### PROVIDED RECORDS

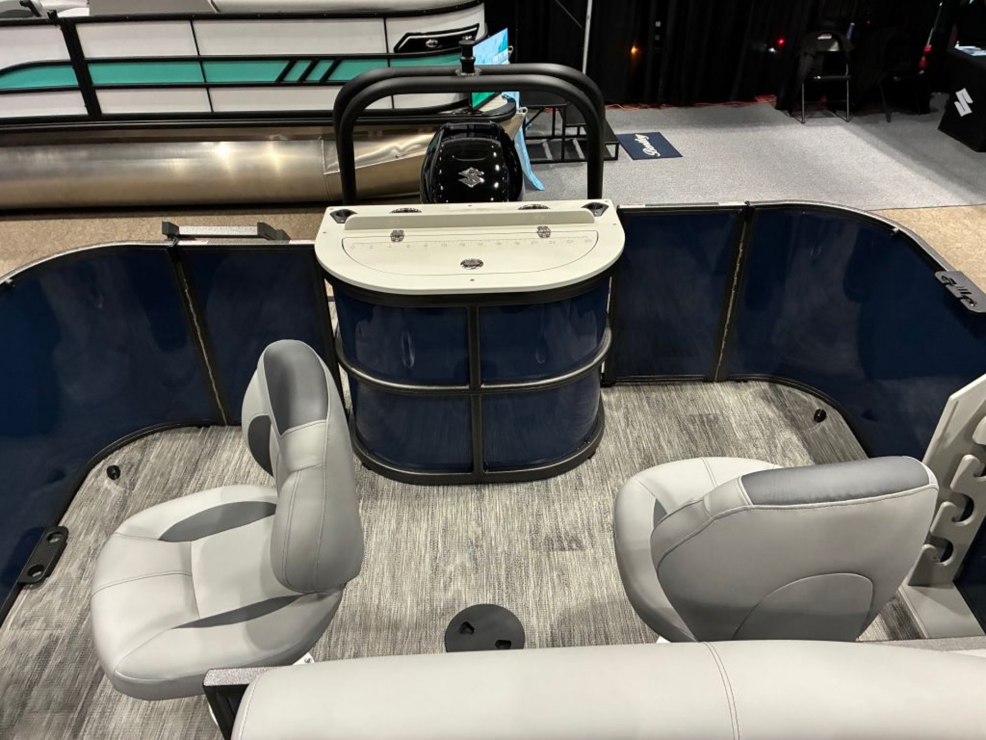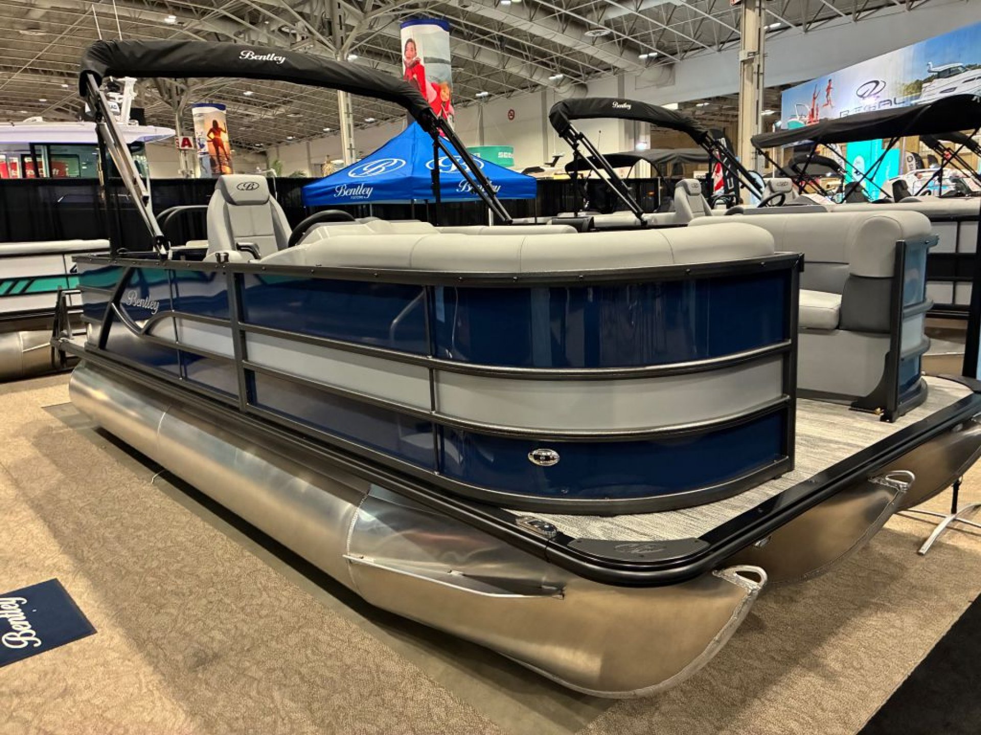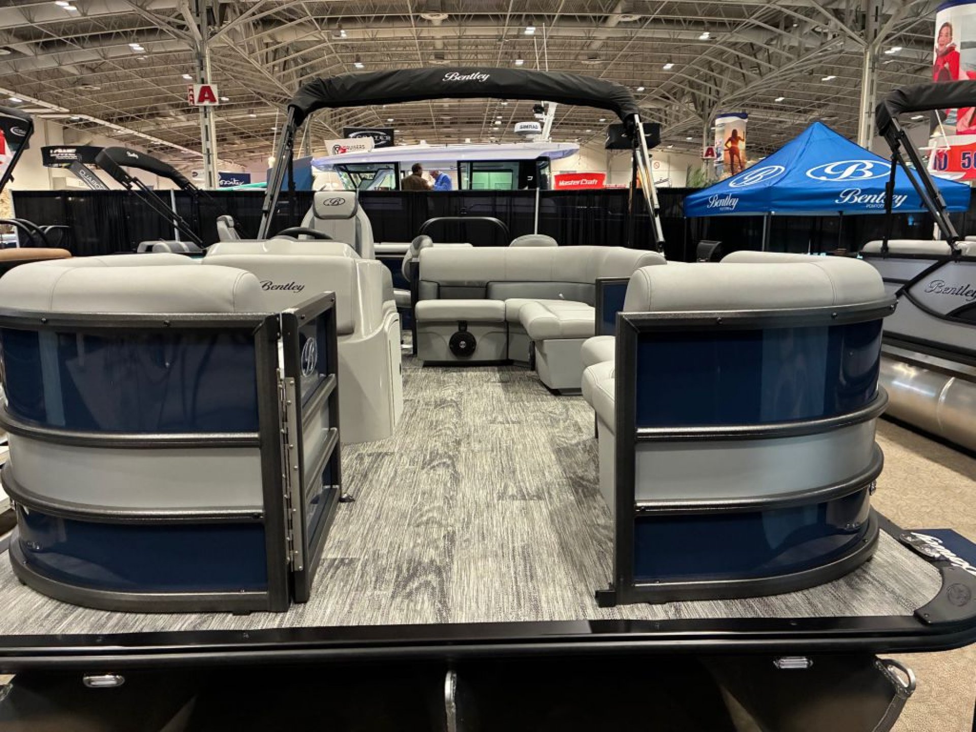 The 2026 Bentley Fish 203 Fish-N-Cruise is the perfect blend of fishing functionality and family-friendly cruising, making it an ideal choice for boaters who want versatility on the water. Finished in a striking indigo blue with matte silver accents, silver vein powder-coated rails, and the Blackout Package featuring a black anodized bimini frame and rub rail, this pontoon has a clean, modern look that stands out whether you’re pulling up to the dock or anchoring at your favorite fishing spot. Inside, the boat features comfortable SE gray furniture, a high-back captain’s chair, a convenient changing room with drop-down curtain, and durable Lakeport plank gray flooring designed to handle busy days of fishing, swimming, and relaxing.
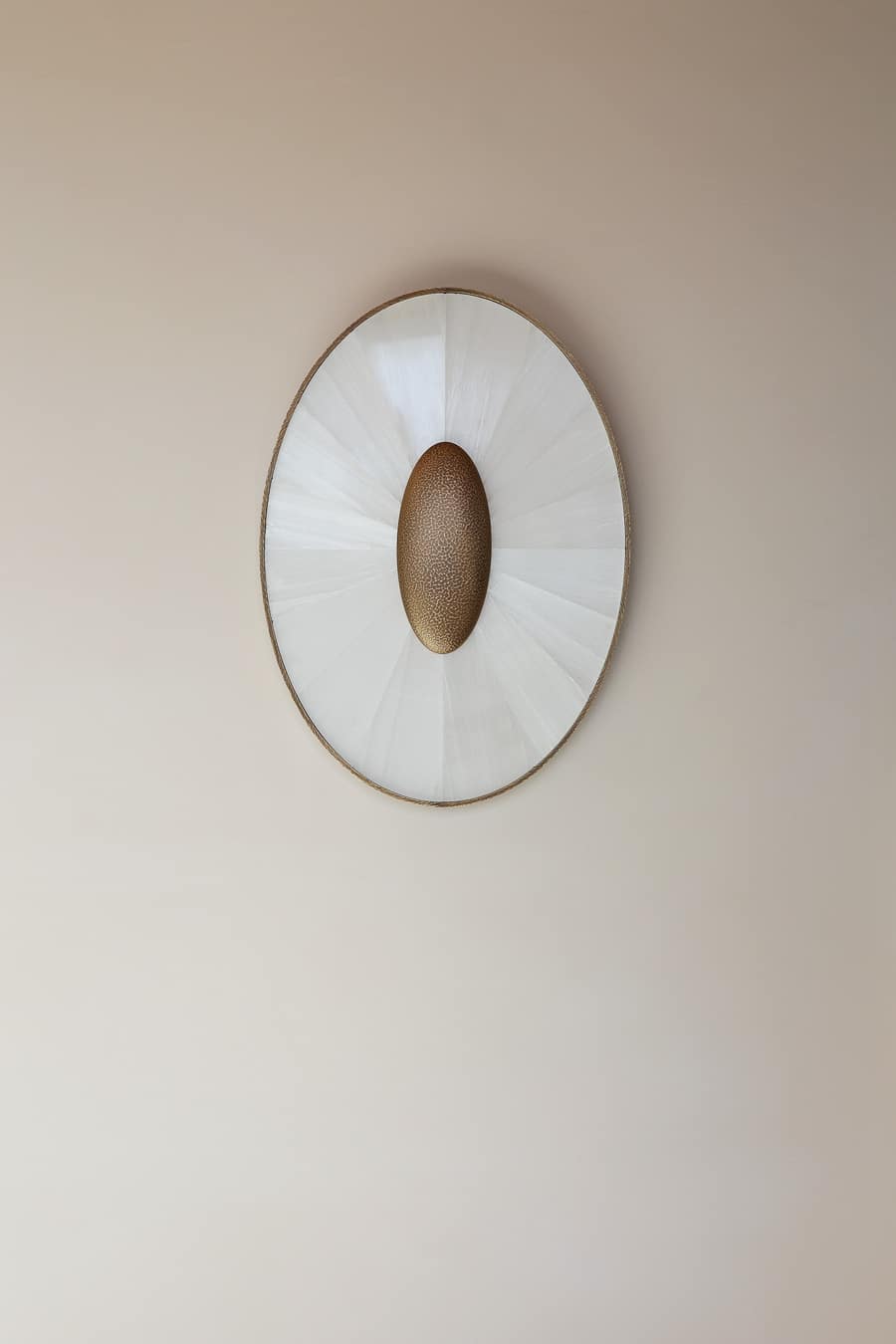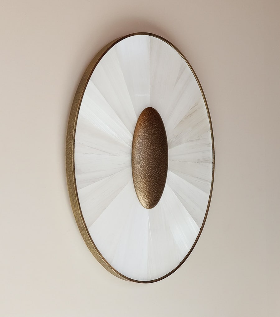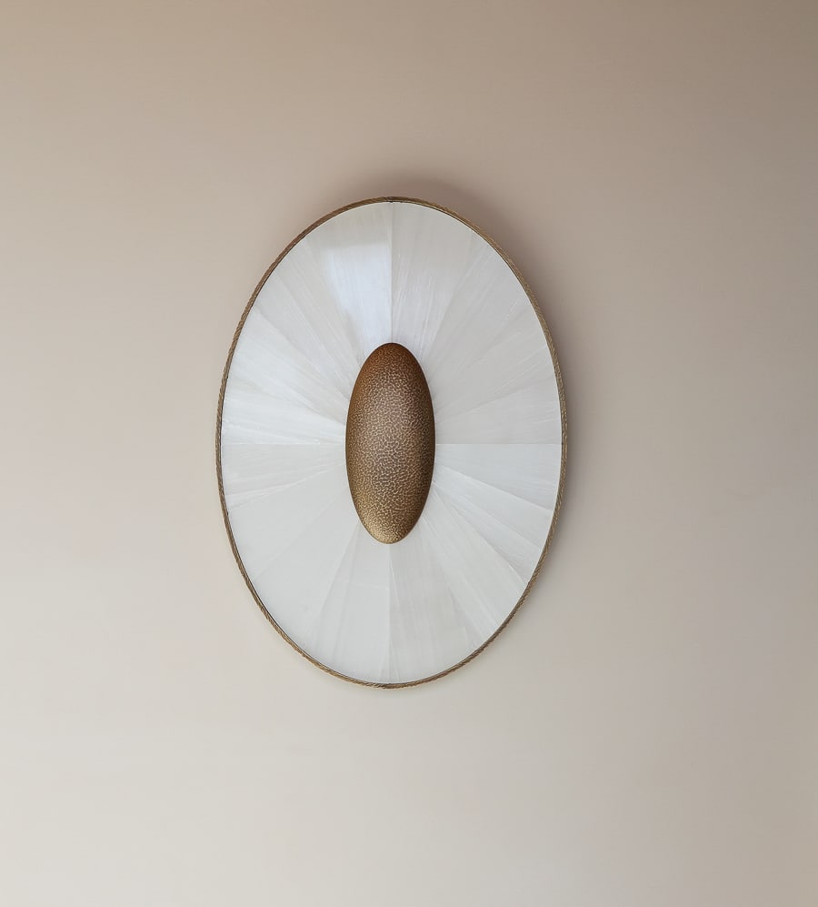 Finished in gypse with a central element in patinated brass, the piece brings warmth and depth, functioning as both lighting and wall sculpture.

######
### PROVIDED RECORDS

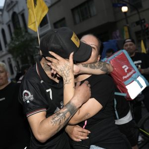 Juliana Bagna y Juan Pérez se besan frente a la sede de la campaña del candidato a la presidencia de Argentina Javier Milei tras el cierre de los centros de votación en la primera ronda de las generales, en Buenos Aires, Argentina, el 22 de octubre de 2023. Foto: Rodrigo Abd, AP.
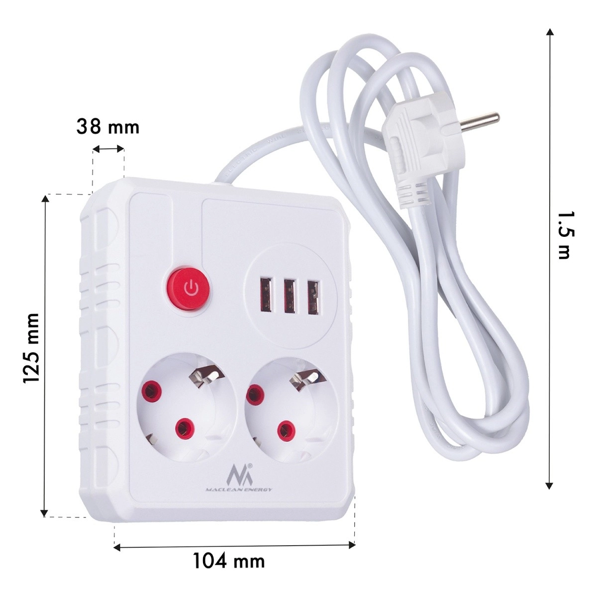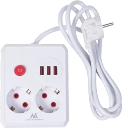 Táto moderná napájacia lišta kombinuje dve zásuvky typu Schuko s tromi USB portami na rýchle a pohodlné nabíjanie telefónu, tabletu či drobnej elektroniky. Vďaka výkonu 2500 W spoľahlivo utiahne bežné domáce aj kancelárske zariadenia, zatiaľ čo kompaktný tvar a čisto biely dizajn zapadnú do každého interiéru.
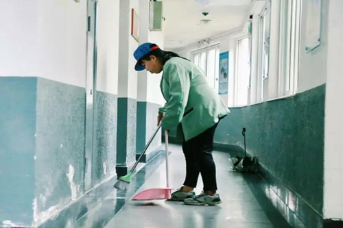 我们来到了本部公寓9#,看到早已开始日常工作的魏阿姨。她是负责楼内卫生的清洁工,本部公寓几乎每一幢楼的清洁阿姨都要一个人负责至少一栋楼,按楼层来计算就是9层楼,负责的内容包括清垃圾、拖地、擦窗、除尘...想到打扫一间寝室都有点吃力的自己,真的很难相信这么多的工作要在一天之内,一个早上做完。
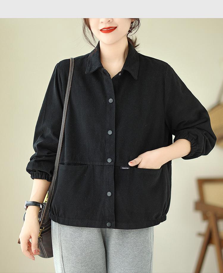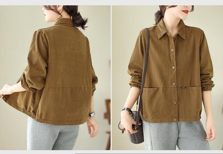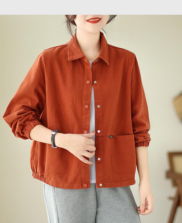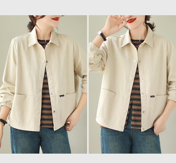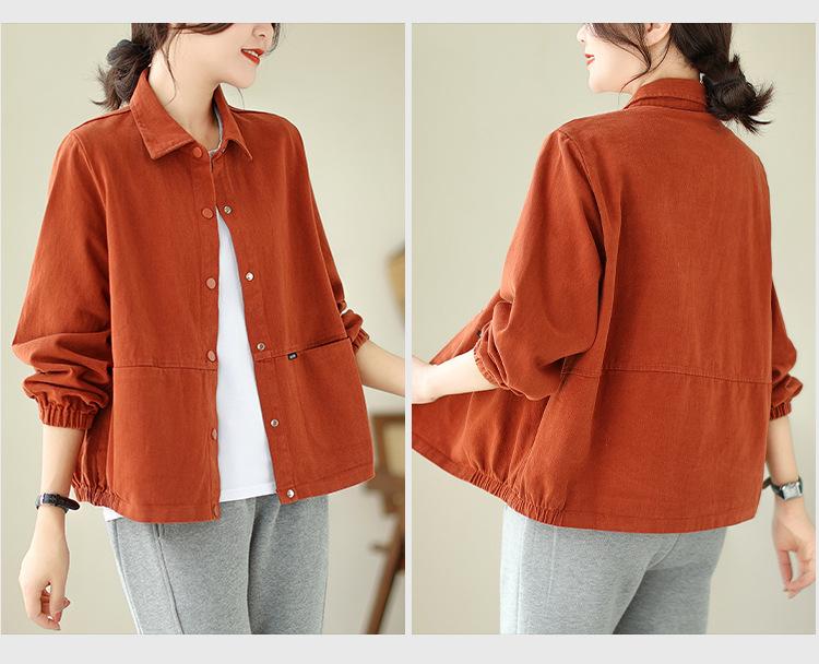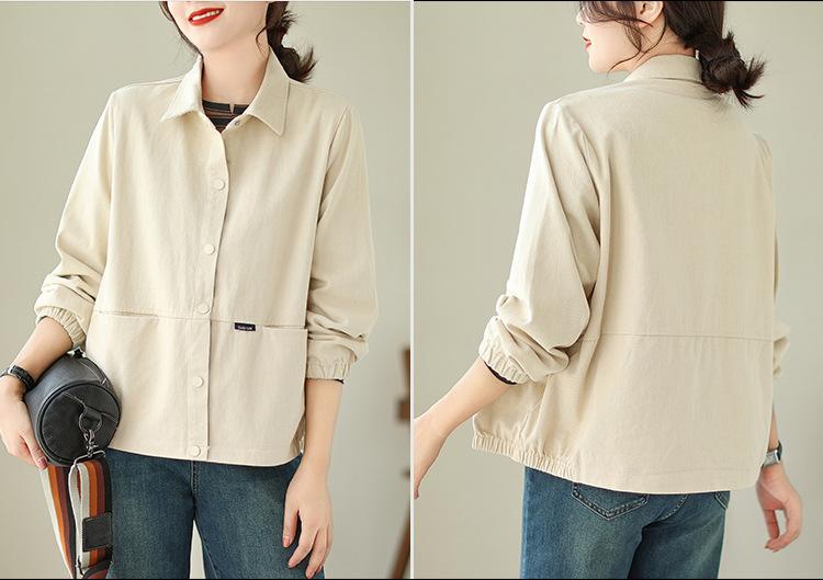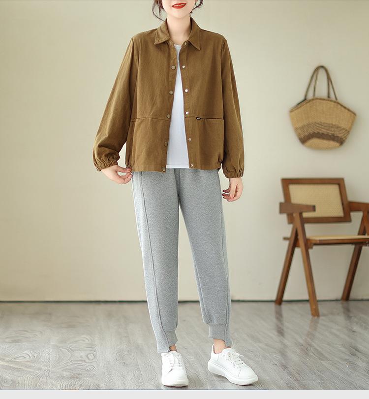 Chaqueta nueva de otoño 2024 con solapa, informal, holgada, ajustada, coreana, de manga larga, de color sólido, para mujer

######

From the material above, reproduce only what runs from the line holding "The 2026 Bentley" down to the line holding "Finished in gypse", both included, pictures excluded.

 The 2026 Bentley Fish 203 Fish-N-Cruise is the perfect blend of fishing functionality and family-friendly cruising, making it an ideal choice for boaters who want versatility on the water. Finished in a striking indigo blue with matte silver accents, silver vein powder-coated rails, and the Blackout Package featuring a black anodized bimini frame and rub rail, this pontoon has a clean, modern look that stands out whether you’re pulling up to the dock or anchoring at your favorite fishing spot. Inside, the boat features comfortable SE gray furniture, a high-back captain’s chair, a convenient changing room with drop-down curtain, and durable Lakeport plank gray flooring designed to handle busy days of fishing, swimming, and relaxing.
 Finished in gypse with a central element in patinated brass, the piece brings warmth and depth, functioning as both lighting and wall sculpture.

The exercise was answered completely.